• [TRY IT]
Everything in the listing below must be set down again exactly, apart from the pictures.

• [DATA EXTRACTS]
- - - - -

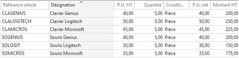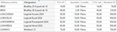 Fourn.: Idasoft - Date Achat : 19/02- Date Liv : 26/02- acheteur : Petit - Exp : France Express
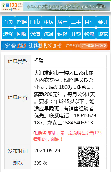 大润发超市一楼入口都市丽人内衣专柜,现招聘长期营业员,底薪1800元加提成,满勤200元年,每月公休1天。要求:年龄45岁以下,能适应早晚班,有销售经验者优先。联系电话:18345679187。郑女士15846403913 【电话咨询时,请一定说明在七台河信息网看到的,谢谢!】 |
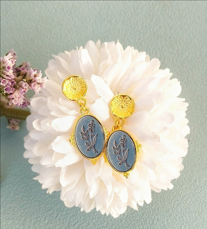 These beautiful gold and dusty blue flower earrings will add a sparkle of elegance to your style! Intaglio jewelry is perfect for any woman who wants to add a touch of sophistication to her look. These drops feature a delicate engraved floral pattern and are surrounded by a gold bail, adding a touch of glamour. Their posts are made of titanium in order to prevent allergies.
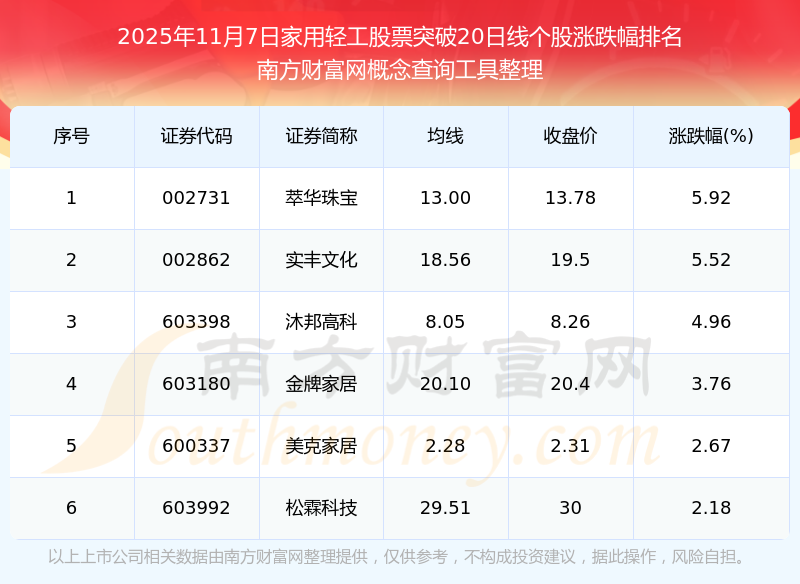 根據(jù)南方財(cái)富網(wǎng)概念查詢工具數(shù)據(jù)統(tǒng)計(jì),截止2025年11月7日收盤,家用輕工股票共有6只個(gè)股收盤價(jià)向上突破了20日線。其中漲幅較大的個(gè)股有萃華珠寶、實(shí)豐文化、沐邦高科等,漲幅分別為5.92%、5.52%、4.96%。
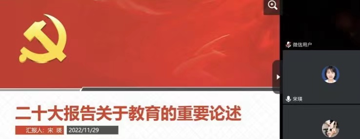 11月29日下午,太阳成集团tyc122cc院长宋瑛教授为教工四支部、研究生四支部讲授党课,宣讲党的二十大精神。此次讲党课活动由教工四支部书记韩健教授主持,教工四支部、研究生四支部全体党员同志参加。
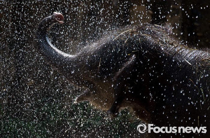 (과천=포커스뉴스) 28일 오후 경기도 과천 서울동물원에서 아기 코끼리가 물줄기를 맞으며 더위를 식히고 있다.
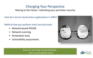 The document discusses strategies for securing cloud environments, particularly within AWS, emphasizing a shift from traditional perimeter security to managing cloud workloads. It highlights the importance of adapting security practices for ephemeral infrastructure, IAM access, and conducting continuous vulnerability assessments and patching. The document also introduces cloud management tools like CloudCheckr for monitoring security, availability, and cost in AWS deployments.
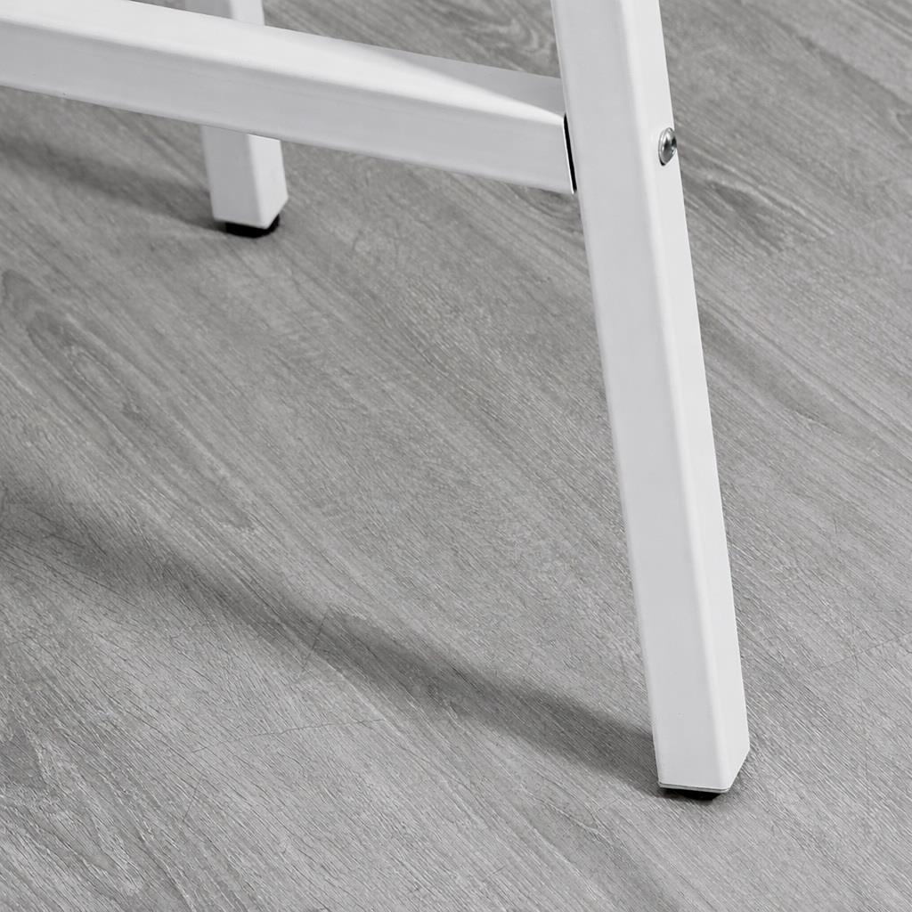 Blat jest zrobiony z płyty wiórowej i ma trwałe wykończenie, które wytrzymuje codzienne użytkowanie. Stalowe nogi są stabilne i zostały wyposażone w antypoślizgowe podkładki, które zwiększają przyczepność i chronią podłogę. Całość jest zaprojektowana z myślą o wygodzie i trwałości.
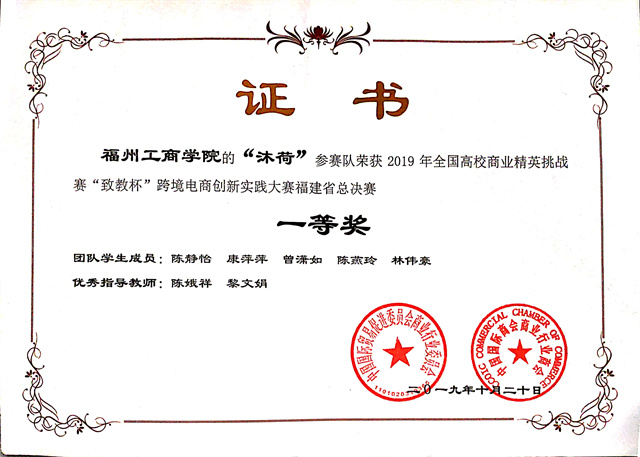 2019年全国高校商业精英挑战赛“致教杯”跨境电商创新实践大赛福建省总决赛康萍萍等同学团体一等奖
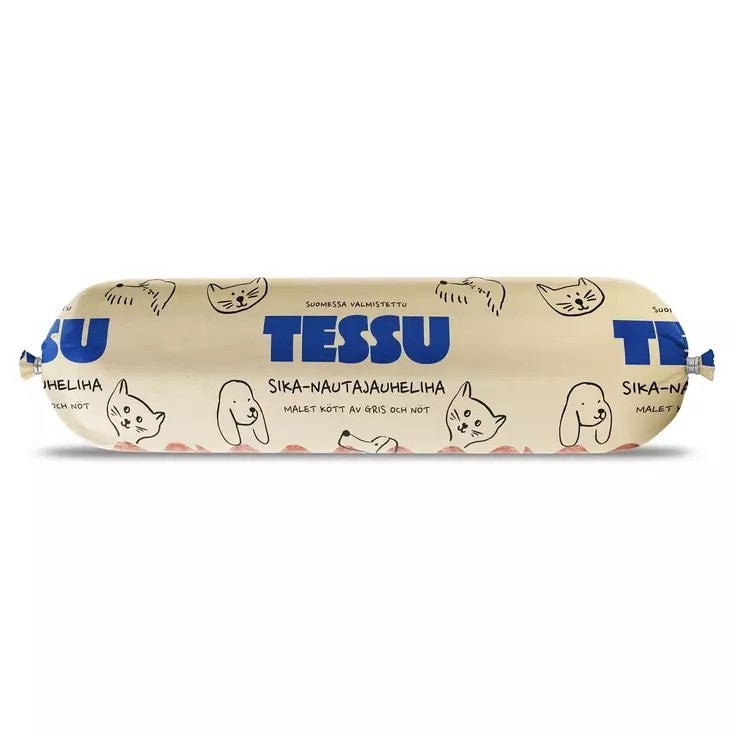 Koostumus: suomalainen sika (liha, rusto), suomalainen nauta (liha, keuhko, sydän, rusto).

- - - - -

• [EXERCISE OUTPUT]
 Fourn.: Idasoft - Date Achat : 19/02- Date Liv : 26/02- acheteur : Petit - Exp : France Express
 大润发超市一楼入口都市丽人内衣专柜,现招聘长期营业员,底薪1800元加提成,满勤200元年,每月公休1天。要求:年龄45岁以下,能适应早晚班,有销售经验者优先。联系电话:18345679187。郑女士15846403913 【电话咨询时,请一定说明在七台河信息网看到的,谢谢!】 |
 These beautiful gold and dusty blue flower earrings will add a sparkle of elegance to your style! Intaglio jewelry is perfect for any woman who wants to add a touch of sophistication to her look. These drops feature a delicate engraved floral pattern and are surrounded by a gold bail, adding a touch of glamour. Their posts are made of titanium in order to prevent allergies.
 根據(jù)南方財(cái)富網(wǎng)概念查詢工具數(shù)據(jù)統(tǒng)計(jì),截止2025年11月7日收盤,家用輕工股票共有6只個(gè)股收盤價(jià)向上突破了20日線。其中漲幅較大的個(gè)股有萃華珠寶、實(shí)豐文化、沐邦高科等,漲幅分別為5.92%、5.52%、4.96%。
 11月29日下午,太阳成集团tyc122cc院长宋瑛教授为教工四支部、研究生四支部讲授党课,宣讲党的二十大精神。此次讲党课活动由教工四支部书记韩健教授主持,教工四支部、研究生四支部全体党员同志参加。
 (과천=포커스뉴스) 28일 오후 경기도 과천 서울동물원에서 아기 코끼리가 물줄기를 맞으며 더위를 식히고 있다.
 The document discusses strategies for securing cloud environments, particularly within AWS, emphasizing a shift from traditional perimeter security to managing cloud workloads. It highlights the importance of adapting security practices for ephemeral infrastructure, IAM access, and conducting continuous vulnerability assessments and patching. The document also introduces cloud management tools like CloudCheckr for monitoring security, availability, and cost in AWS deployments.
 Blat jest zrobiony z płyty wiórowej i ma trwałe wykończenie, które wytrzymuje codzienne użytkowanie. Stalowe nogi są stabilne i zostały wyposażone w antypoślizgowe podkładki, które zwiększają przyczepność i chronią podłogę. Całość jest zaprojektowana z myślą o wygodzie i trwałości.
 2019年全国高校商业精英挑战赛“致教杯”跨境电商创新实践大赛福建省总决赛康萍萍等同学团体一等奖
 Koostumus: suomalainen sika (liha, rusto), suomalainen nauta (liha, keuhko, sydän, rusto).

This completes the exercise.